Ty tried to smile. "It's not your job to bring order to the universe, Val. Jesus. Some days it's enough just to get in three meals and eight hours of sleep."

But she didn't relent. "Haven't there been times in your life when you've felt as if you're under siege and nothing's ever going to go right again?"

"You bet, Val," Ty said gently. "We've all had those times."

When he hung up, Carine eyed him, obviously curious about what Val had said, but he put her off and dialed Hank's cell phone, remembering the Pave Hawk pilot he'd flown combat missions with just a few years ago was a senator now. But his voice-mail message was unchanged-"Hi, it's Hank. Leave a message…"

"Check on Val Carrera if you can," Ty said. "She's had a bad day.
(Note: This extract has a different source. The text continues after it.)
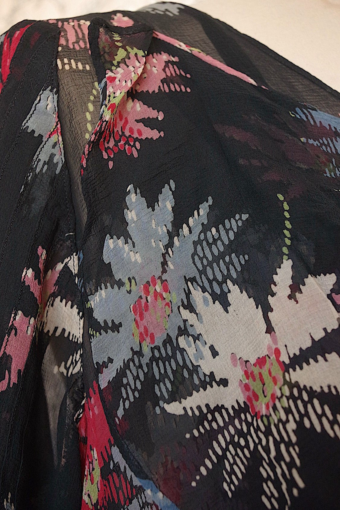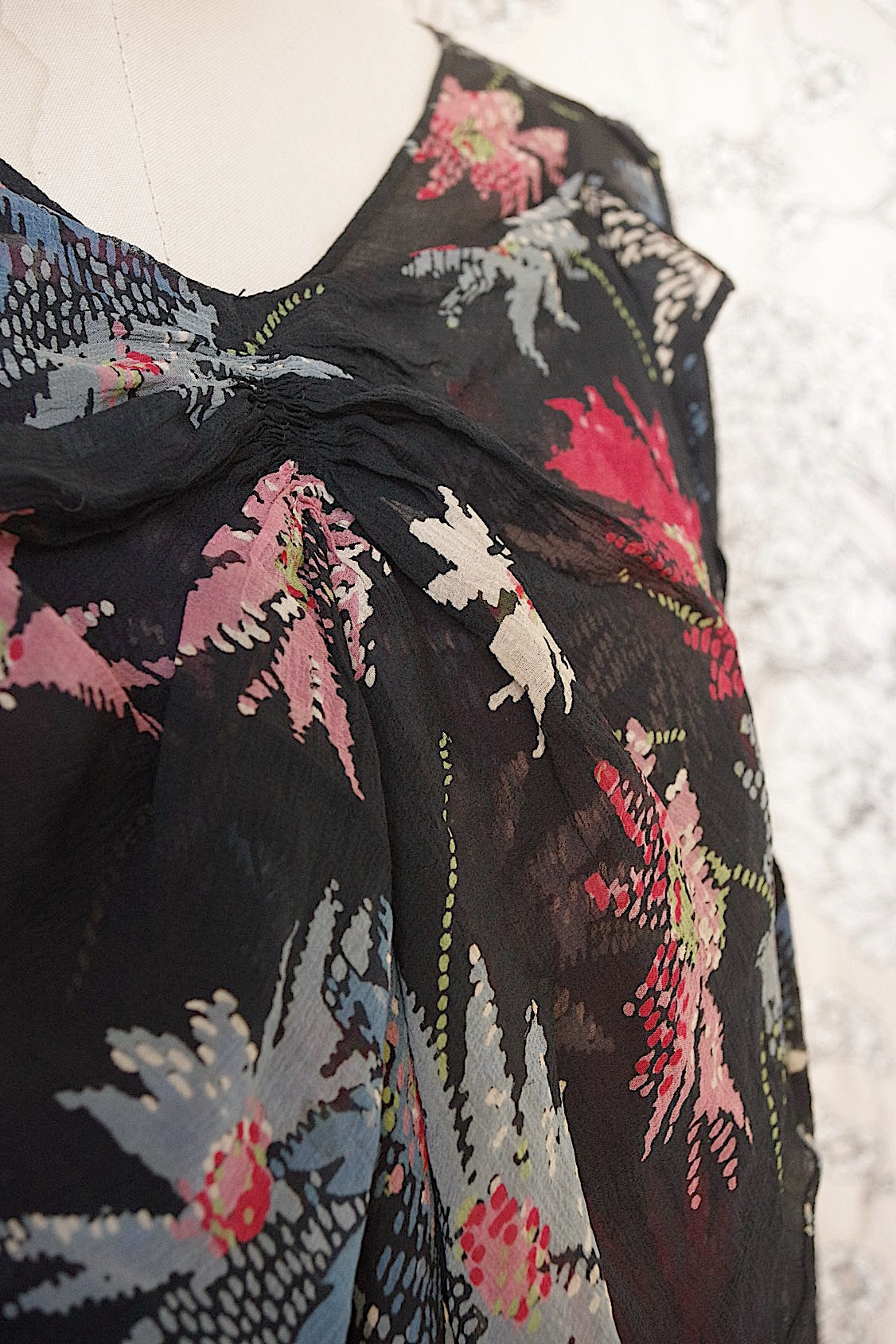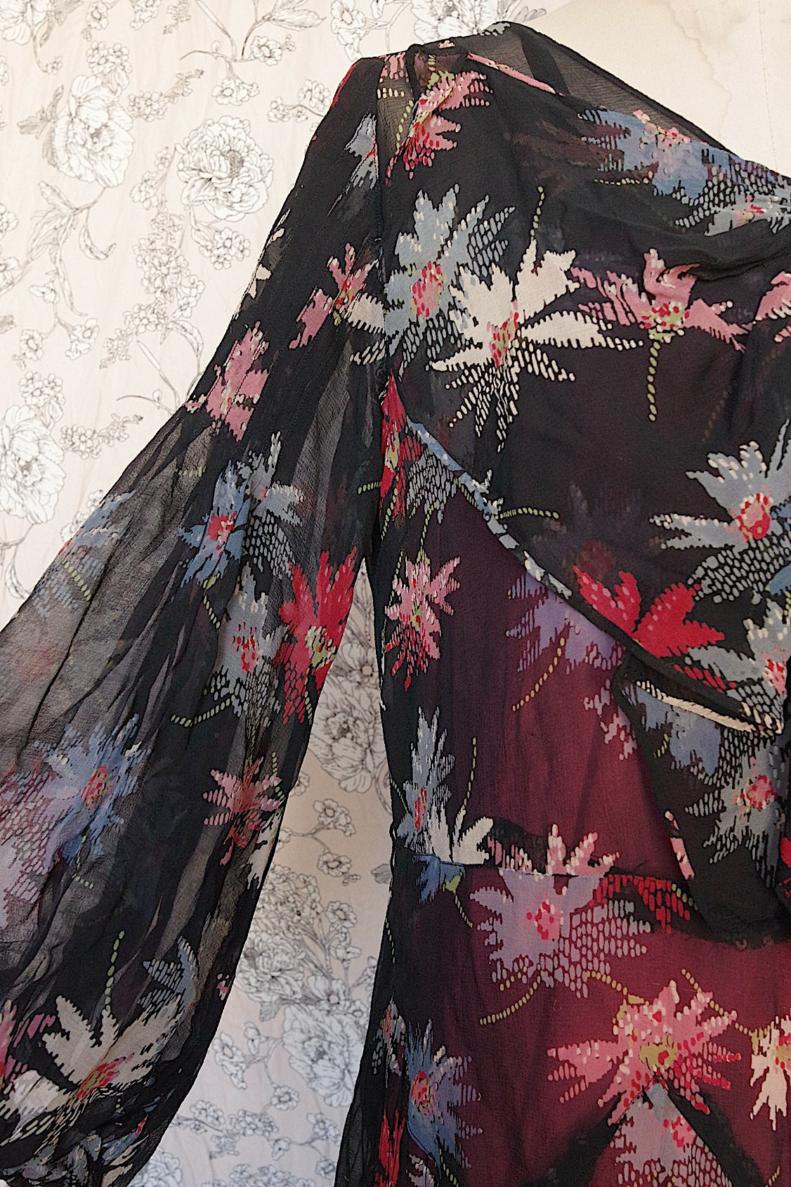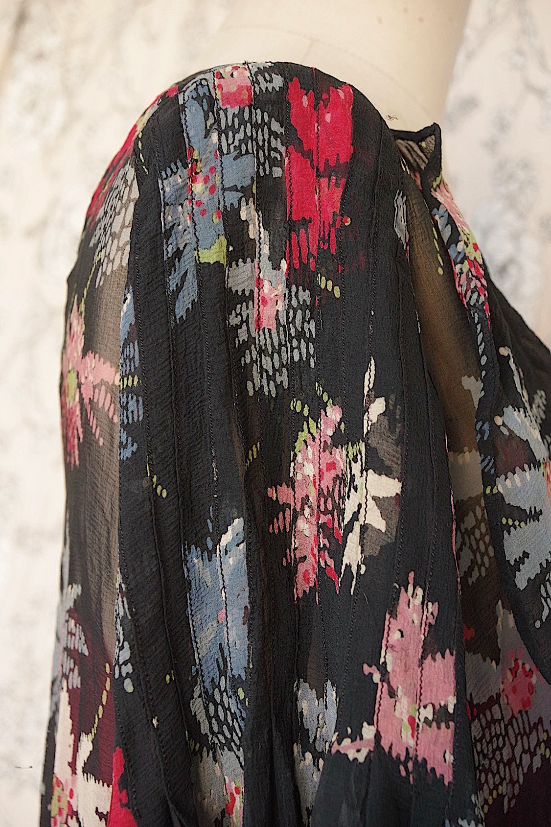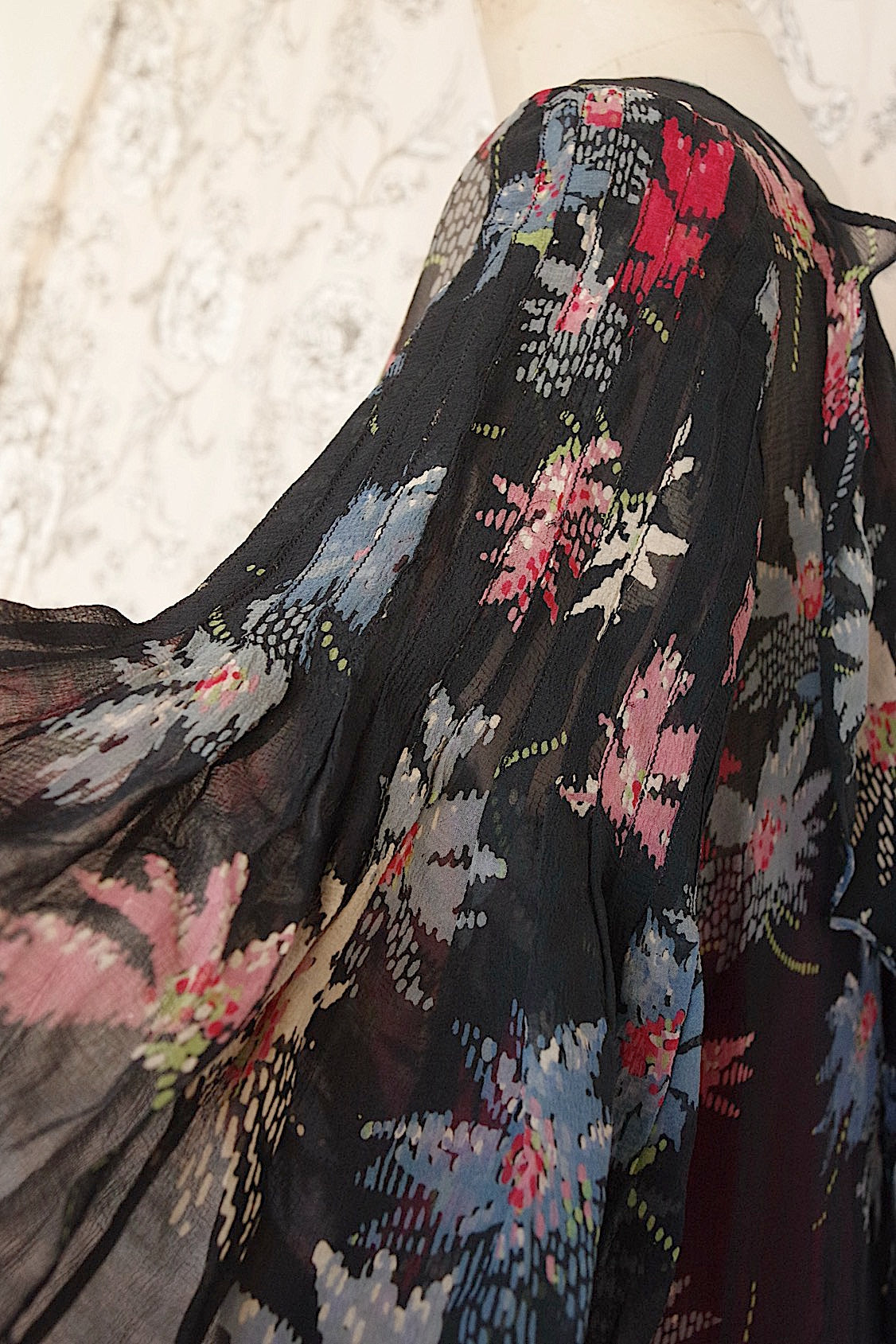 This antique silk chiffon dress boasts an intricate, sophisticated design that is rare today. The sleeves flare gracefully from tucks, creating a light, flowing movement. Delicate tucks around the waist create a three-dimensional effect and an elegant silhouette. This printed antique dress, which combines classic techniques and materials, is extremely rare and valuable, possessing a timeless beauty. It comes with a pink inner dress. The inner dress has been repaired.

The cops searched-ah, hell, Hank. You're a senator. You can't get mixed up in this mess. Forget it. Val will be fine. So will Manny." He clicked off and tossed the phone onto the steps. "Gus and I agree on one thing. Cell phones should be banned."

Carine slipped her hand out of her blanket and placed it on his thigh. "Val knows she has to hang in there. She will."

He covered her hand with his, noticed that even without the blanket, his was warmer. "You do realize your brother-in-law is a senator?"

"It's sinking in. I'm not registered to vote in Massachusetts -isn't that awful? I didn't even vote for him." She lifted Ty's hand and examined his blister. "I've still got my first-aid kit. I can treat it."

"It hardly even counts as a blister. Share a corner of your blanket with me?"

She tossed a section of it over his shoulder, and he scooted in closer to her. But the thing didn't make him feel nostalgic at all. It stunk, and it scratched. He put a finger through one of the holes. She smiled. "Waste not, want not. Saskia got that part of living up here. I tried to explain to Louis that we Yankees are frugal, not cheap. There's a difference." She took a breath, her voice cracking almost imperceptibly. "Except he wasn't southern after all."

"We don't know that for a fact. We just have Manny's notes."

She shook her head. "Ty, I never would have guessed he wasn't on the level. Never. He was funny, irreverent, nice. Jodie-she lied, too. I never would have guessed they were having an affair. I must not be a very good judge of character."

"Louis could have been funny, irreverent and nice and still not be on the level."

"Not nice. That's what Manny said to me on Wednesday before the police got there. Louis Sanborn wasn't a nice man. I guess he was trying to warn me."

Ty said nothing, just leaned back against the step, taking Carine with him in the blanket. She laid her head against his shoulder, the smell and the roughness of the old blanket apparently not fazing her. He kissed her hair, which was soft and smelled of some citrusy shampoo, not mothballs, and if he smelled like sweat and sawdust, she didn't seem to mind.